- **TASK DESCRIPTION**: The listing is to be reproduced exactly, excluding its pictures.

BEGIN

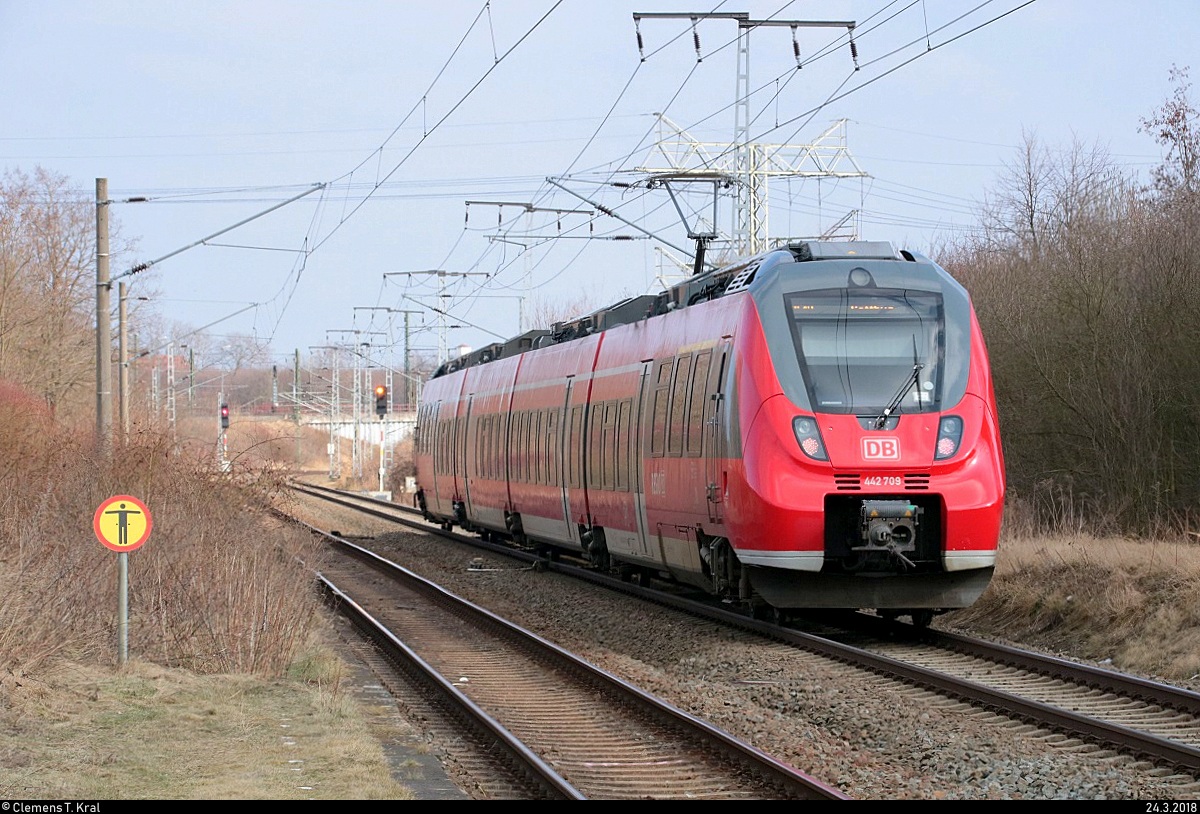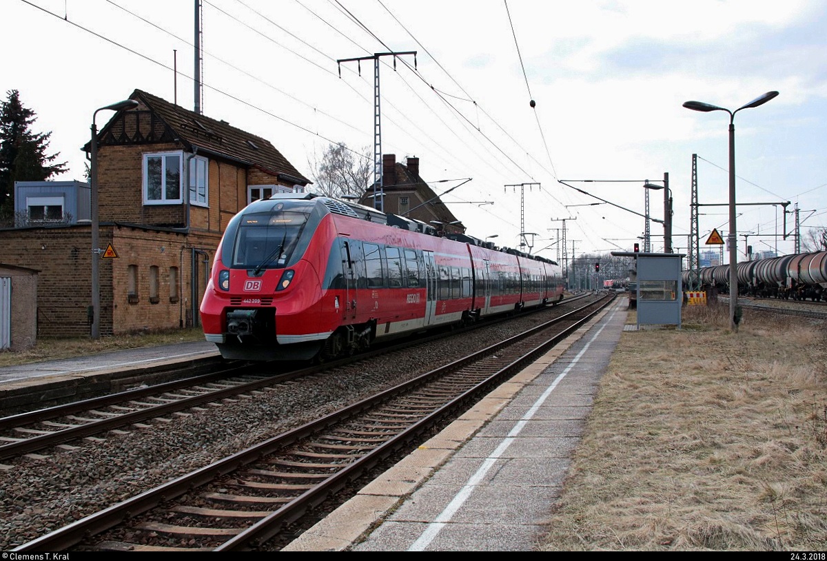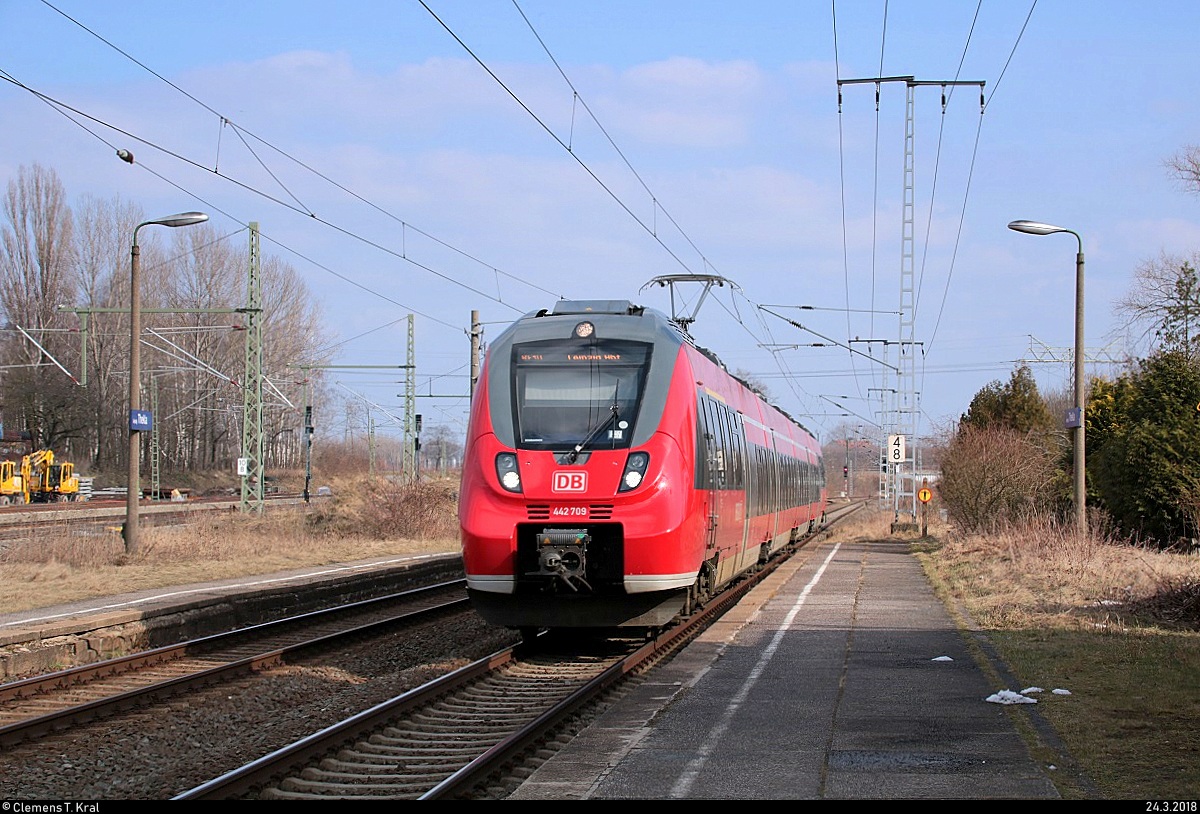 Nachschuss auf 442 709 (Bombardier Talent 2) von DB Regio Südost als RE 18391 (RE10) von Leipzig Hbf nach Cottbus, der den Bahnhof Leipzig-Thekla auf der Bahnstrecke Leipzig–Eilenburg (KBS 215) durchfährt. [24.3.2018 | 15:16 Uhr] Clemens Kral
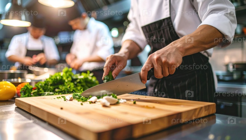 Шеф-повар нарезает травы на оживленной кухне ресторана, внедряя кулинарные навыки, командную работу и быструю профессиональную среду приготовления пищи
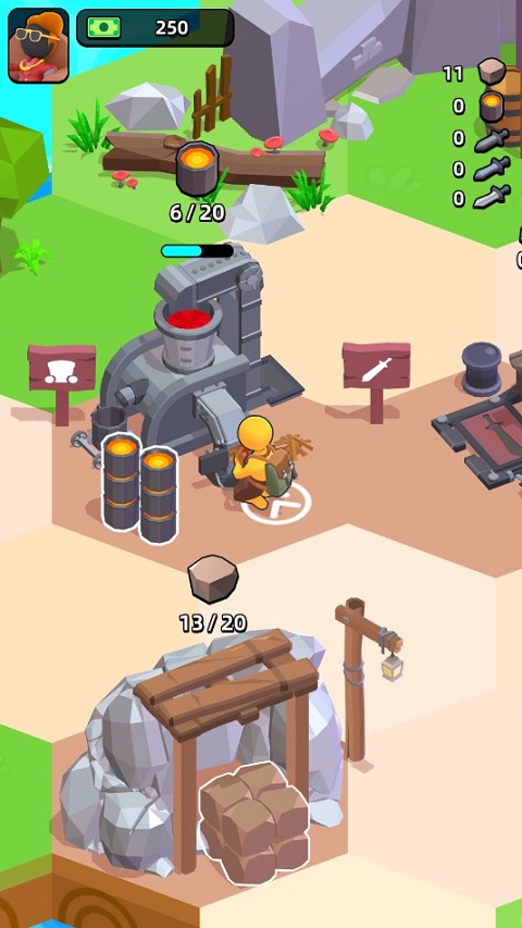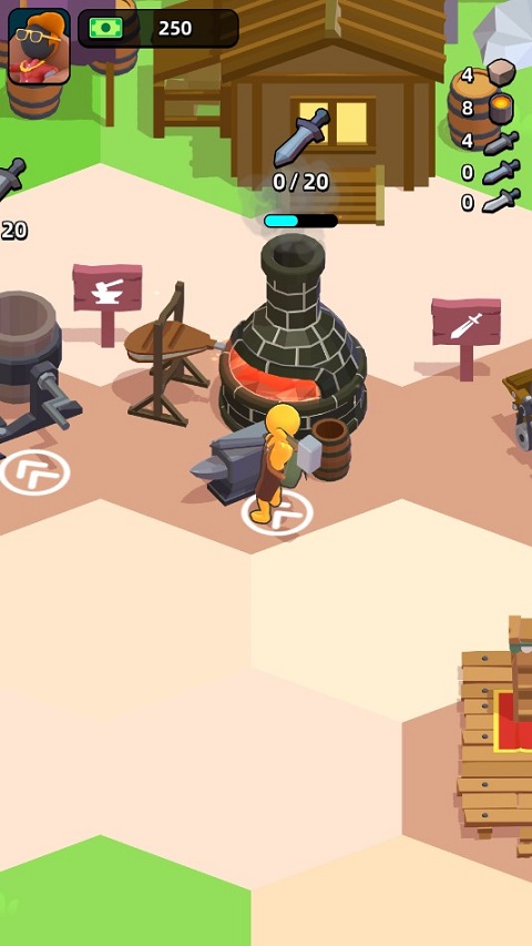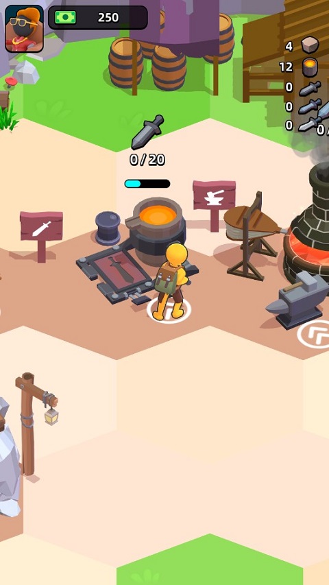 1、這是一款模擬經營武器店的趣味游戲,玩家能在其中鍛造超神武器,玩法十分簡單。
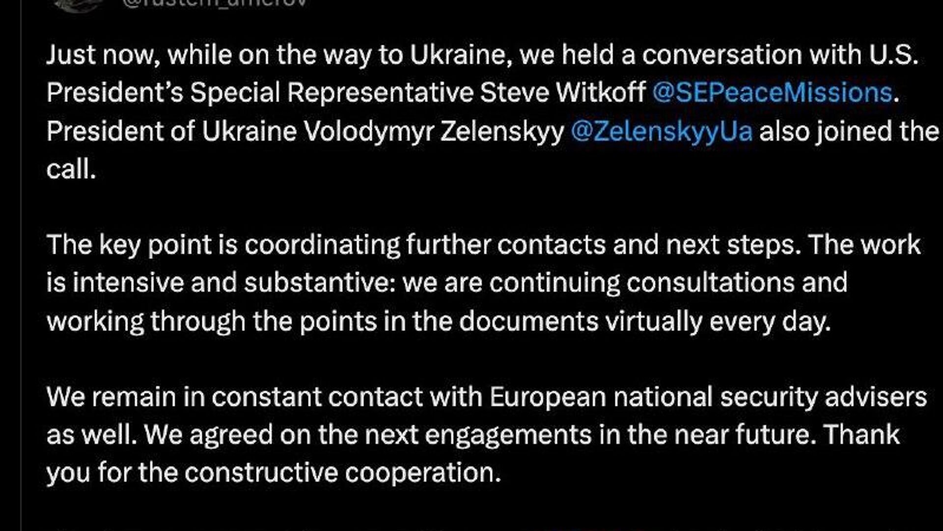 Только что, по пути в Украину, мы провели беседу со специальным представителем президента США Стивом Виткоффом. К разговору также присоединился президент Украины Владимир Зеленский.Ключевым моментом является координация дальнейших контактов и следующих шагов. Работа интенсивная и содержательная: мы продолжаем консультации и прорабатываем пункты документов практически ежедневно.
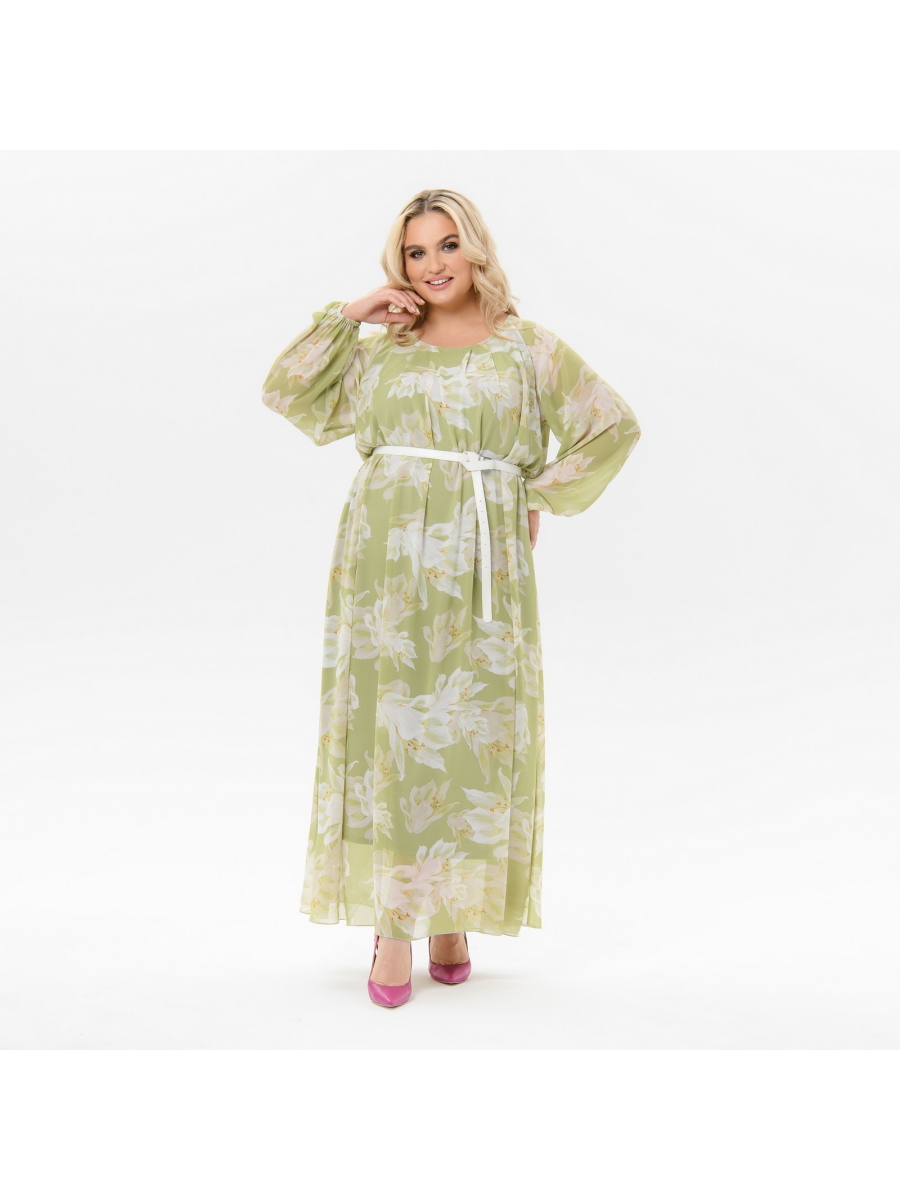Длинное струящееся платье с рукавом реглан. Модель выполнена из шифона, на подкладке из эластичного трикотажа. Горловина округлая с мягкими складками по переду, по спинке вырез "капелька", застегивающийся на пуговицу.

END

- **ANSWER SPACE**:
 Nachschuss auf 442 709 (Bombardier Talent 2) von DB Regio Südost als RE 18391 (RE10) von Leipzig Hbf nach Cottbus, der den Bahnhof Leipzig-Thekla auf der Bahnstrecke Leipzig–Eilenburg (KBS 215) durchfährt. [24.3.2018 | 15:16 Uhr] Clemens Kral
 Шеф-повар нарезает травы на оживленной кухне ресторана, внедряя кулинарные навыки, командную работу и быструю профессиональную среду приготовления пищи
 1、這是一款模擬經營武器店的趣味游戲,玩家能在其中鍛造超神武器,玩法十分簡單。
 Только что, по пути в Украину, мы провели беседу со специальным представителем президента США Стивом Виткоффом. К разговору также присоединился президент Украины Владимир Зеленский.Ключевым моментом является координация дальнейших контактов и следующих шагов. Работа интенсивная и содержательная: мы продолжаем консультации и прорабатываем пункты документов практически ежедневно.
Длинное струящееся платье с рукавом реглан. Модель выполнена из шифона, на подкладке из эластичного трикотажа. Горловина округлая с мягкими складками по переду, по спинке вырез "капелька", застегивающийся на пуговицу.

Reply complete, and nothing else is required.